» **INFORMATION PROVIDED**:

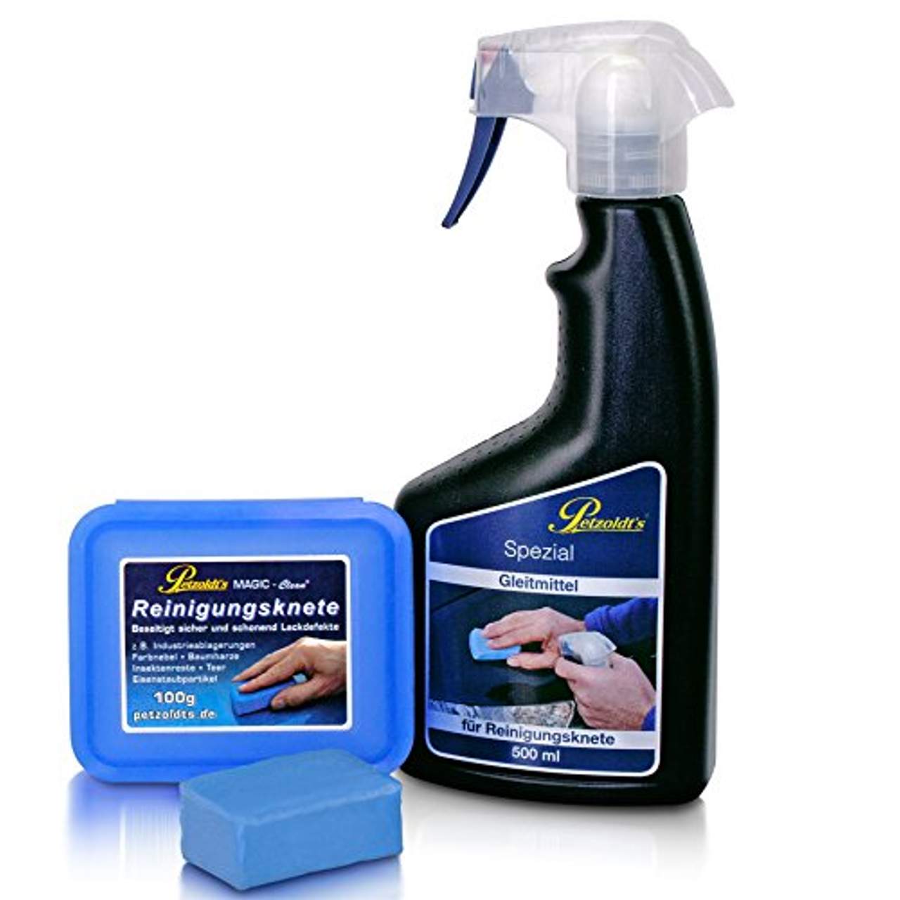 - Schonende Reinigung: Das Petzoldt's Reinigungsknete-Gleitmittel Set dient zur sicheren und schonenden Entfernung von fühlbaren Ablagerungen auf glatten Oberflächen wie Lack, Glas, Metall, Chrom, etc. Diese Reinigungstechnik verhindert Spuren und Hologramme beim Polieren und Pflegen von Lackoberflächen.
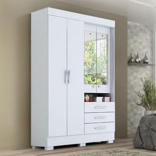 Versátil e prático, o guarda roupa Débora 4 portas com certeza da um chame ao ambiente. Possui espelhos nas 2 portas que são recuadas no modelo capelinha, que oferece beleza e sofisticação ao móvel. Conta ainda nesse espaço, com um nicho onde você pode colocar acessórios para facilitar o acesso. Produzido em 100% MDF, corrediças telescópicas metálicas nas gavetas e cabideiro em alumínio, que garante maior qualidade, tornando-o perfeito para o seu quarto.
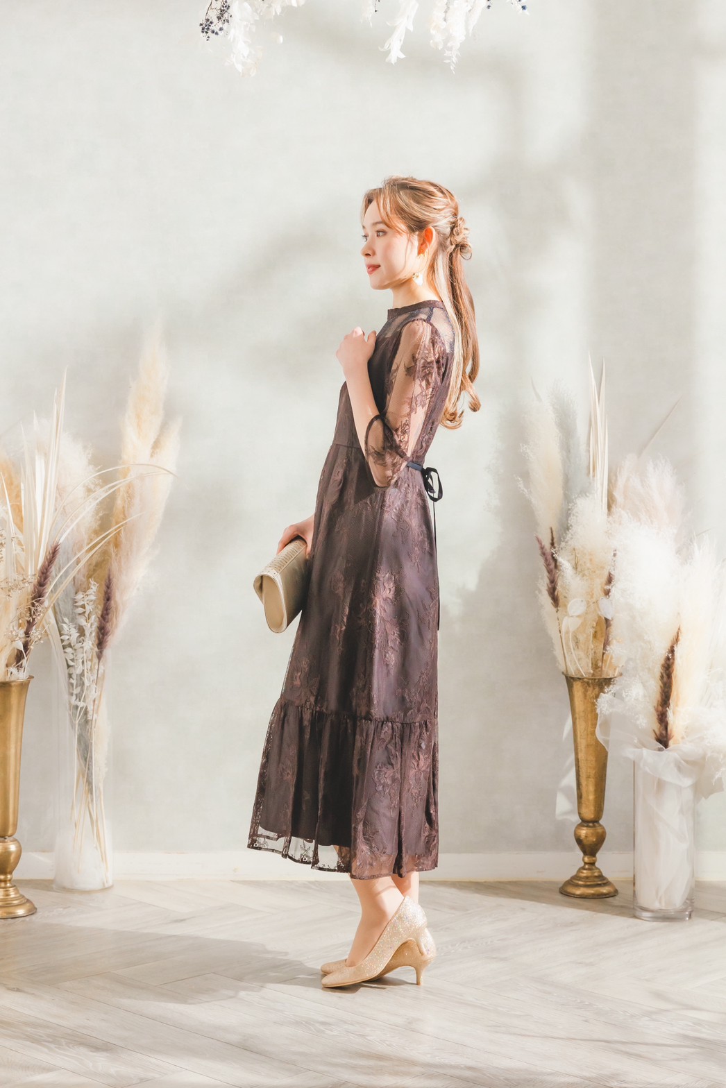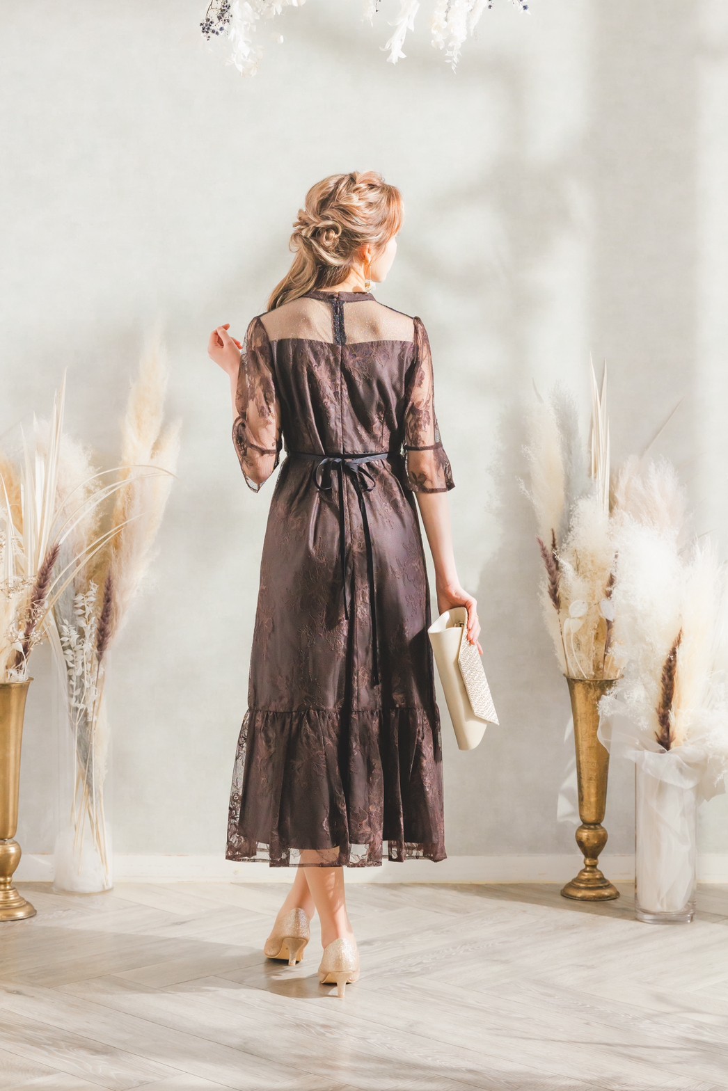 デコルテの透け感が美しいラメチュールとレースのワンピースドレス。

» **WHAT IS BEING ASKED**: When repeating the material above, keep every line exact and drop all pictures.

» **RESPONSE TO THE TASK**:
 - Schonende Reinigung: Das Petzoldt's Reinigungsknete-Gleitmittel Set dient zur sicheren und schonenden Entfernung von fühlbaren Ablagerungen auf glatten Oberflächen wie Lack, Glas, Metall, Chrom, etc. Diese Reinigungstechnik verhindert Spuren und Hologramme beim Polieren und Pflegen von Lackoberflächen.
 Versátil e prático, o guarda roupa Débora 4 portas com certeza da um chame ao ambiente. Possui espelhos nas 2 portas que são recuadas no modelo capelinha, que oferece beleza e sofisticação ao móvel. Conta ainda nesse espaço, com um nicho onde você pode colocar acessórios para facilitar o acesso. Produzido em 100% MDF, corrediças telescópicas metálicas nas gavetas e cabideiro em alumínio, que garante maior qualidade, tornando-o perfeito para o seu quarto.
 デコルテの透け感が美しいラメチュールとレースのワンピースドレス。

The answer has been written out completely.